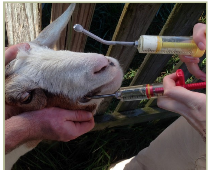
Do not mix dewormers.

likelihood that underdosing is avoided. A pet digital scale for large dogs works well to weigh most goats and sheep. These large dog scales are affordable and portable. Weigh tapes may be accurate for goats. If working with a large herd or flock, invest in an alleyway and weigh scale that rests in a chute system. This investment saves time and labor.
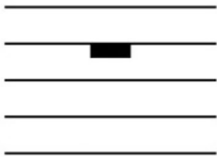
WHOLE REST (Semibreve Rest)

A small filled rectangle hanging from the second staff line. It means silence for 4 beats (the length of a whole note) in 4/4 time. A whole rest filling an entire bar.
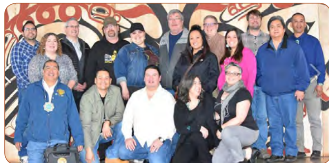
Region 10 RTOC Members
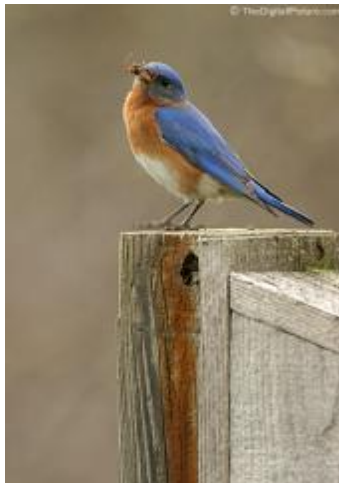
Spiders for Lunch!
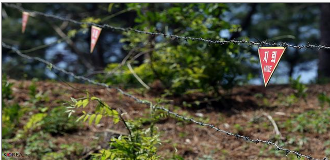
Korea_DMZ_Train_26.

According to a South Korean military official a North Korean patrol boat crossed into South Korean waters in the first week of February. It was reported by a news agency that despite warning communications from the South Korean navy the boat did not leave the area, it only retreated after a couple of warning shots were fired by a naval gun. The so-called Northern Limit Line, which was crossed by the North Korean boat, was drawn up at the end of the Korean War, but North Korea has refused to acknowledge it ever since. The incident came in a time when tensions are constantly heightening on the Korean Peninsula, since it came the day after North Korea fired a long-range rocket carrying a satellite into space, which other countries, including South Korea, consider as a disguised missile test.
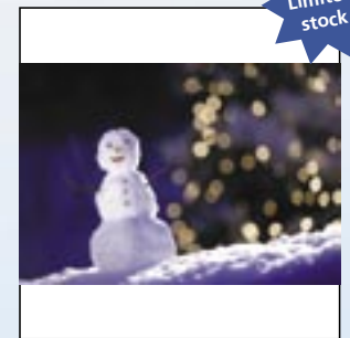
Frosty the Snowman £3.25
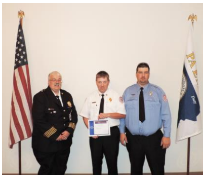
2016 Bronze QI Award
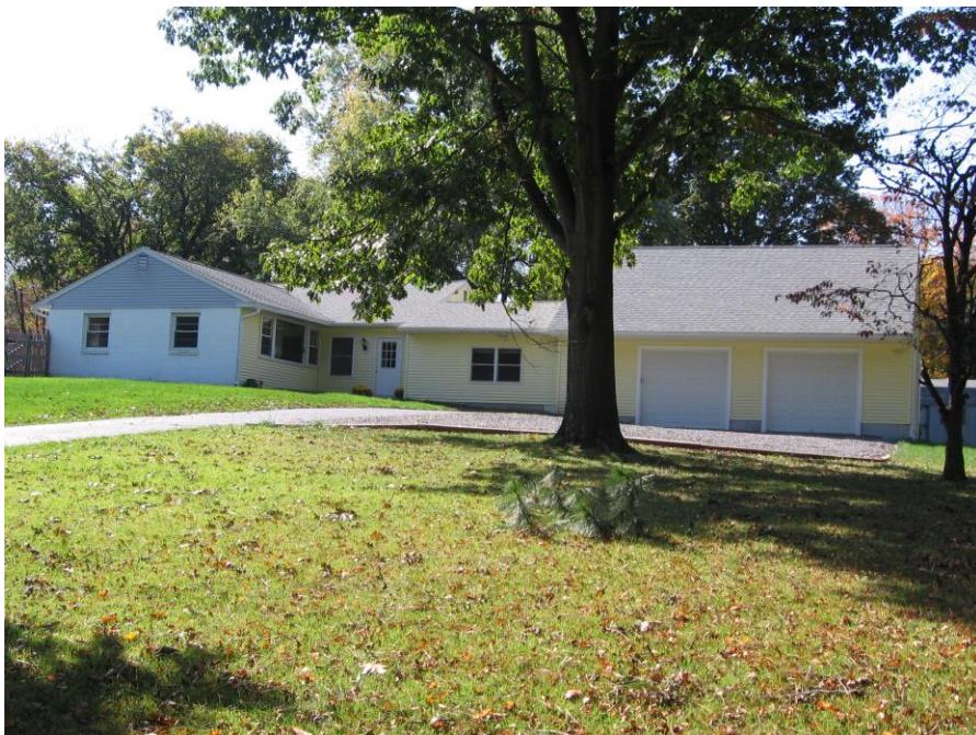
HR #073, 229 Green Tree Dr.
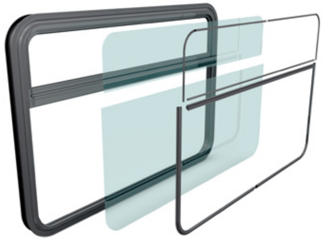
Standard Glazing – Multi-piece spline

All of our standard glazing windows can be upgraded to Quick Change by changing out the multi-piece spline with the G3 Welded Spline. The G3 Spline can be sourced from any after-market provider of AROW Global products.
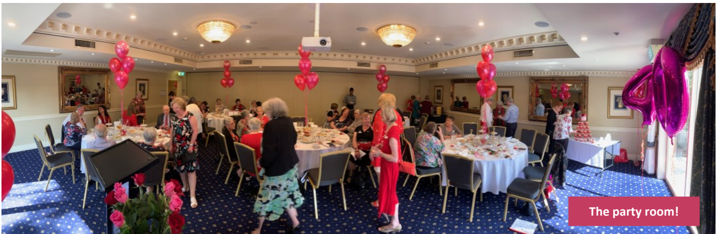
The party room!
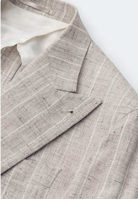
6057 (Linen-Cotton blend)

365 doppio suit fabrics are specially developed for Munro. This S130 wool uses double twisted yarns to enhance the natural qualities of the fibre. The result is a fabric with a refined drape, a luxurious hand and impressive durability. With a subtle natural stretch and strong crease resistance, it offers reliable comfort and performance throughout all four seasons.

=======

**TASK DIRECTIONS**.
Copy all lines from the entries that contain the word "spline".

**WRITTEN RESPONSE**.
Standard Glazing – Multi-piece spline
All of our standard glazing windows can be upgraded to Quick Change by changing out the multi-piece spline with the G3 Welded Spline. The G3 Spline can be sourced from any after-market provider of AROW Global products.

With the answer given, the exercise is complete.